[Records provided Boundary: Start]
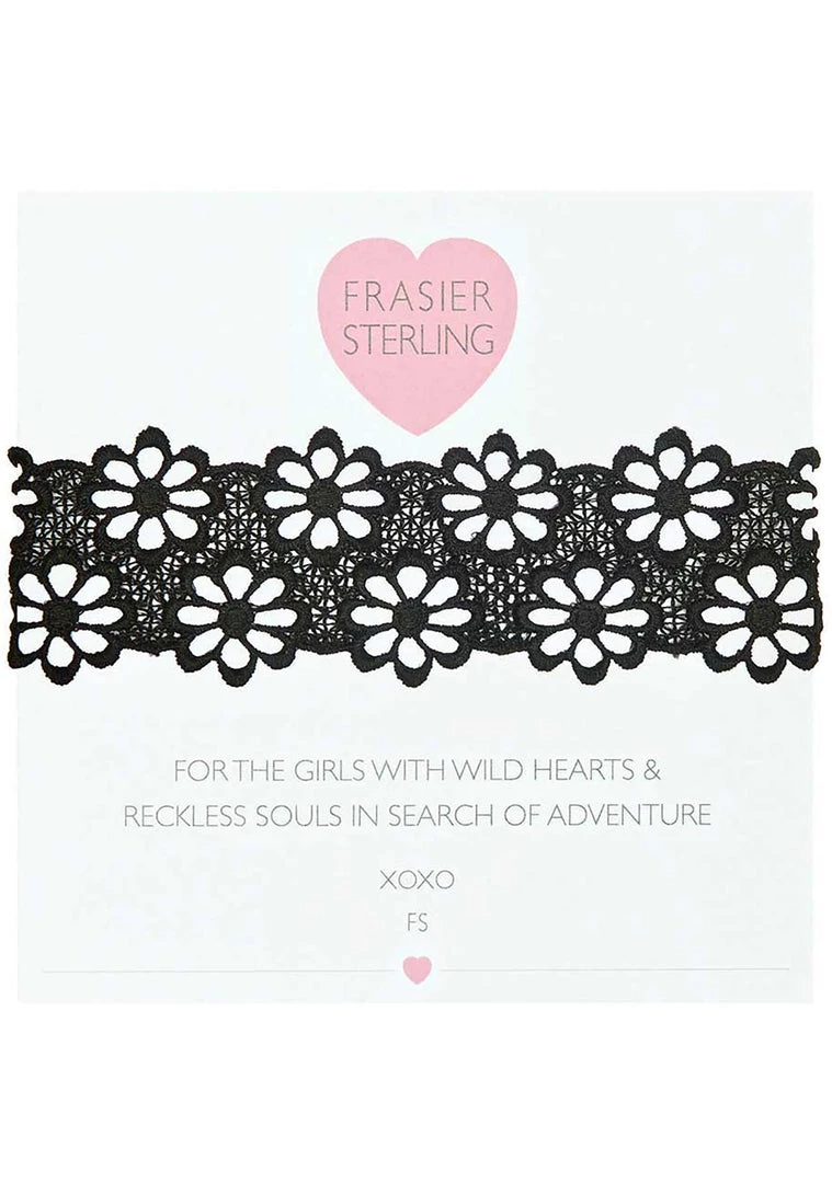 Every girl needs to get their hands on these dainty chokers from Frasier Sterling. The Lacey Daisy Festival Choker features a black colored cotton lace daisy choker with gold plated lobster clasp closure.
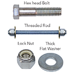 - Accepts 5/8”or 3/4” hex head bolt or threaded rod w/lock nut
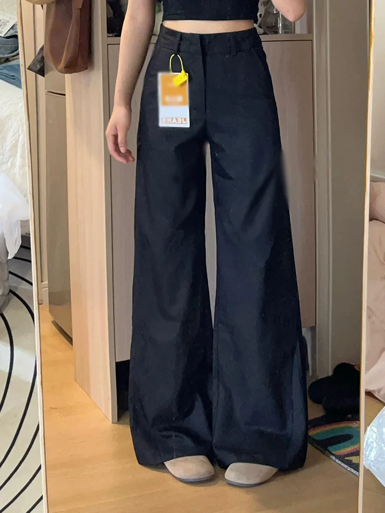 Quần âu đen thường ngày dành cho nữ, kiểu dáng mùa thu mới, cỡ lớn, lưng cao, dáng rộng, tôn dáng, nhỏ nhắn, quần ống rộng thoải mái.
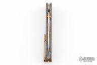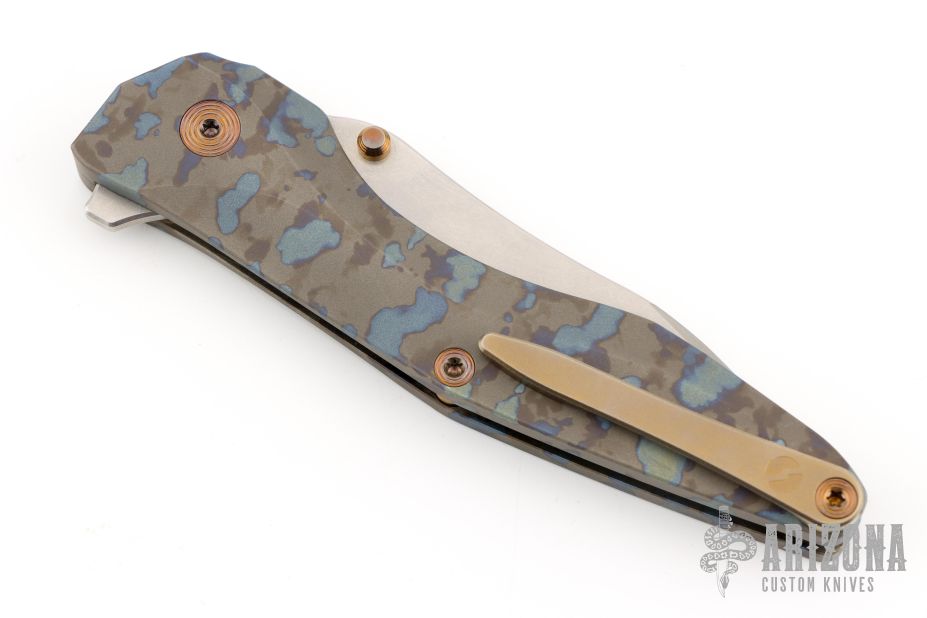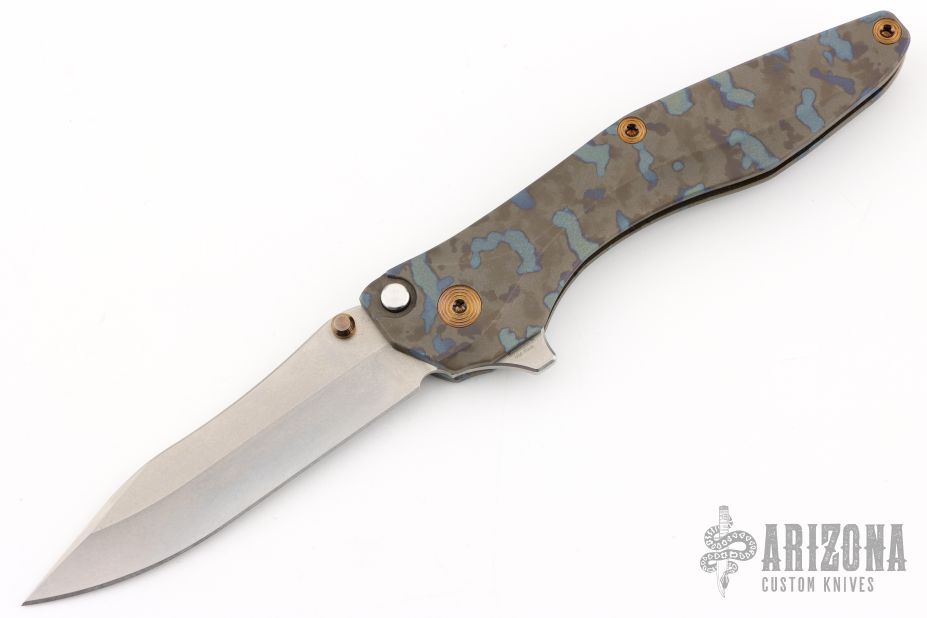 61 HRC, cryo-treated, CPM-20CV stainless drop point blade with hollow grind edge. Aerospace quality grade 5 titanium handle and fittings. Reversible titanium clip for right or left hand carry. Precision stainless bearings.
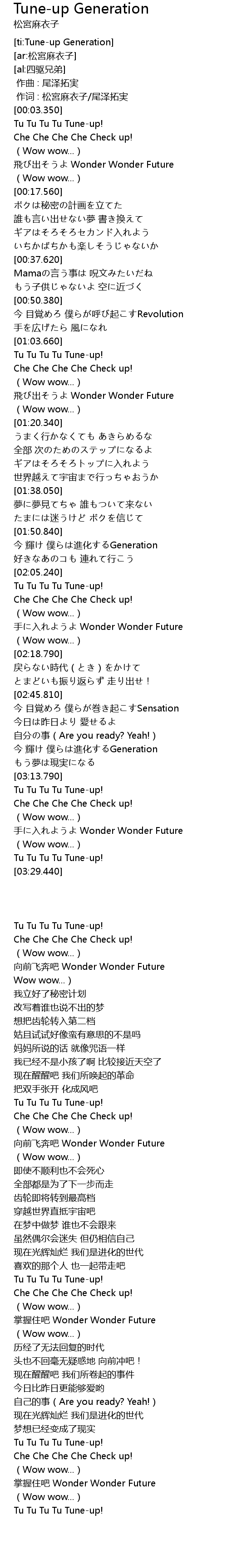 | [03:14.38] | Tu Tu Tu Tu Tune-up! |
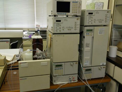 右)島津製イオンクロマトグラフも、システムの修理は完了しています。これはデュアルインレットシステムになっており、オートサンプラーから陰イオンと陽イオンが同時分析できます。今年度中に陽イオンカラムは買えそうにないので、陰イオン測定からぼちぼち始めていきましょう。
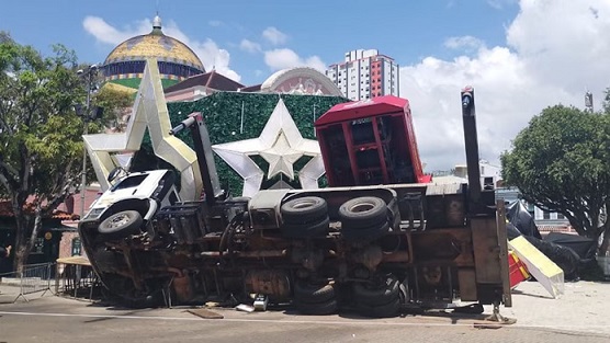 El accidente ocurrió durante la instalación de la estructura festiva en la plaza de la capital del estado de Amazonas. Autoridades hallaron irregularidades en el operativo
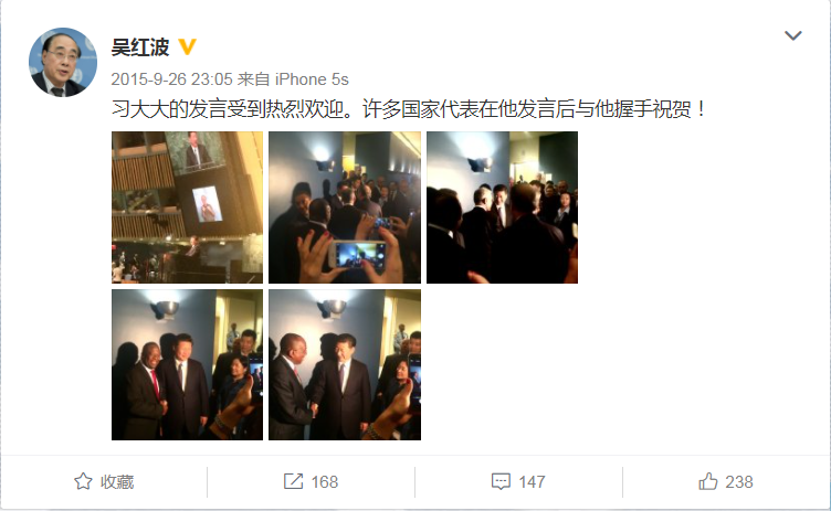 時任聯(lián)合國副秘書長吳紅波說,習(xí)主席走下講臺時,二三十位其他國家領(lǐng)導(dǎo)人排隊與他握手表示祝賀,走廊里擠得滿滿當當。
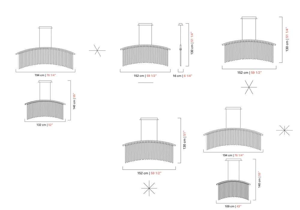 | Dimensions | 152 x 16 x H 130 cm; Ø 152 x H 130 cm; 194 x 132 x H 140 cm; Ø 152 x H 130 cm; 194 x 109 x H 140 cm. |
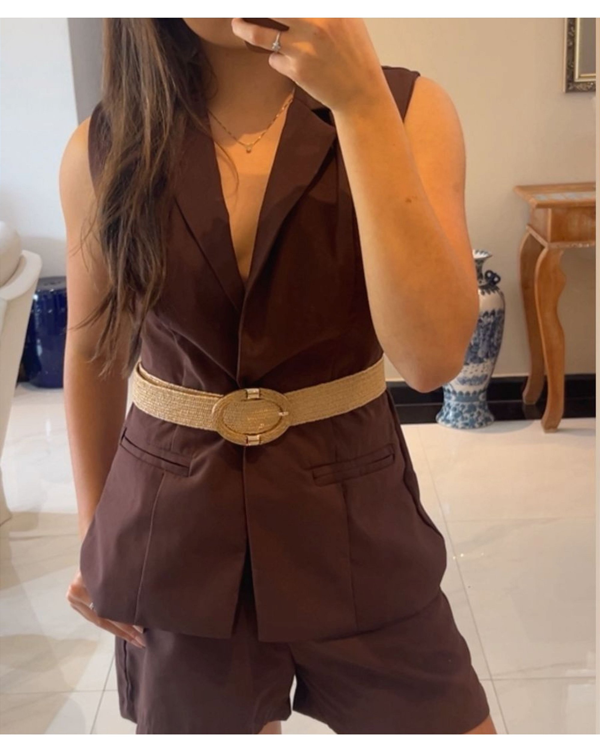 Cinto elástico palha com Fivela.
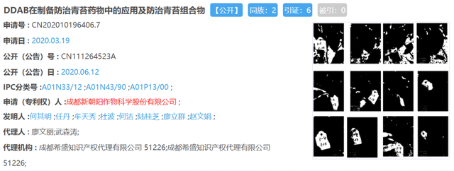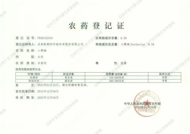 2022年4月24日,成都新朝阳作物科学股份有限公司0.5%小檗碱水剂获得新增扩登柑橘青苔病的登记(登记证号:PD20152433)。至此,新朝阳小檗碱成为首个正式登记防治青苔的生物农药。
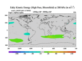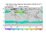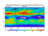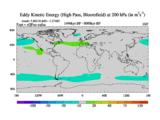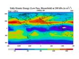 Low Pass Eddy Kinetic Energy at 200 hPa
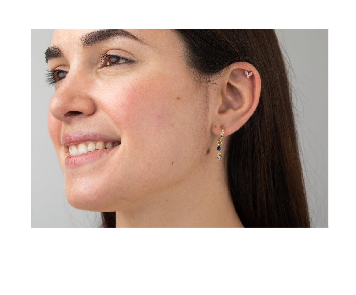 This piercing features a delicate flower design with shimmering lilac petals and a sparkling zirconia center. Elegant and dainty, it’s the perfect touch of charm for any look.
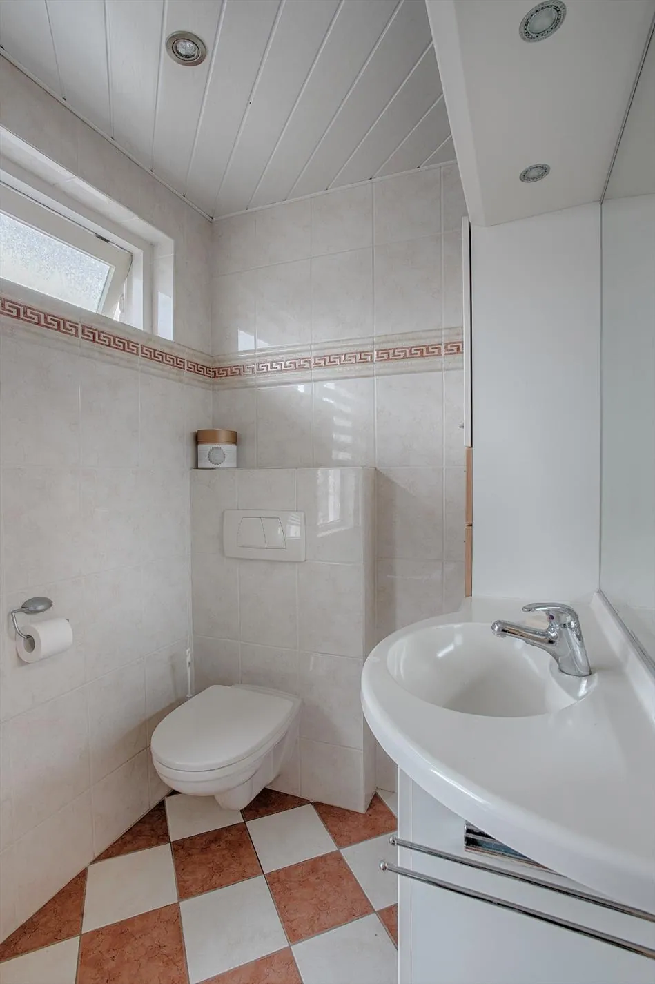 Badkamer: op de badkamer is elke m² goed benut met een bad, douche, hangend toilet en een wasbak in badmeubel. Er is zowel natuurlijke als mechanische ontluchting aanwezig en de badkamer is plafondhoog betegeld.
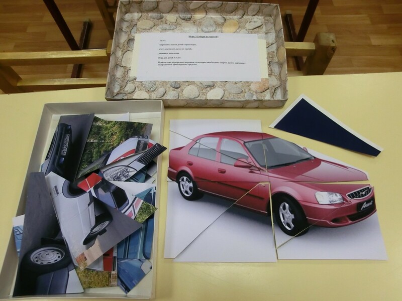 Цель: закреплять знания детей о транспорте, учить составлять целое из частей, развивать мышление
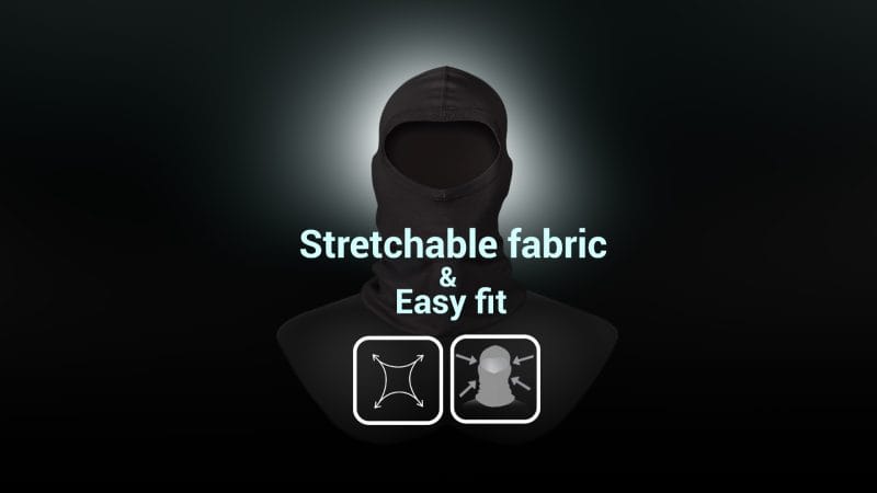 The STUDDS Balaclava features stretchable fabric that adapts easily to different face shapes, ensuring a snug, comfortable fit without feeling tight or restrictive.
[Records provided Boundary: End]
Excerpt from the records above: set down only the lines from the one that contains "rod w/lock nut" through the one that contains "時任聯(lián)合國副秘書", inclusive, word for word. Pictures stay out.

◆ Response for this exercise ◆
 - Accepts 5/8”or 3/4” hex head bolt or threaded rod w/lock nut
 Quần âu đen thường ngày dành cho nữ, kiểu dáng mùa thu mới, cỡ lớn, lưng cao, dáng rộng, tôn dáng, nhỏ nhắn, quần ống rộng thoải mái.
 61 HRC, cryo-treated, CPM-20CV stainless drop point blade with hollow grind edge. Aerospace quality grade 5 titanium handle and fittings. Reversible titanium clip for right or left hand carry. Precision stainless bearings.
 | [03:14.38] | Tu Tu Tu Tu Tune-up! |
 右)島津製イオンクロマトグラフも、システムの修理は完了しています。これはデュアルインレットシステムになっており、オートサンプラーから陰イオンと陽イオンが同時分析できます。今年度中に陽イオンカラムは買えそうにないので、陰イオン測定からぼちぼち始めていきましょう。
 El accidente ocurrió durante la instalación de la estructura festiva en la plaza de la capital del estado de Amazonas. Autoridades hallaron irregularidades en el operativo
 時任聯(lián)合國副秘書長吳紅波說,習(xí)主席走下講臺時,二三十位其他國家領(lǐng)導(dǎo)人排隊與他握手表示祝賀,走廊里擠得滿滿當當。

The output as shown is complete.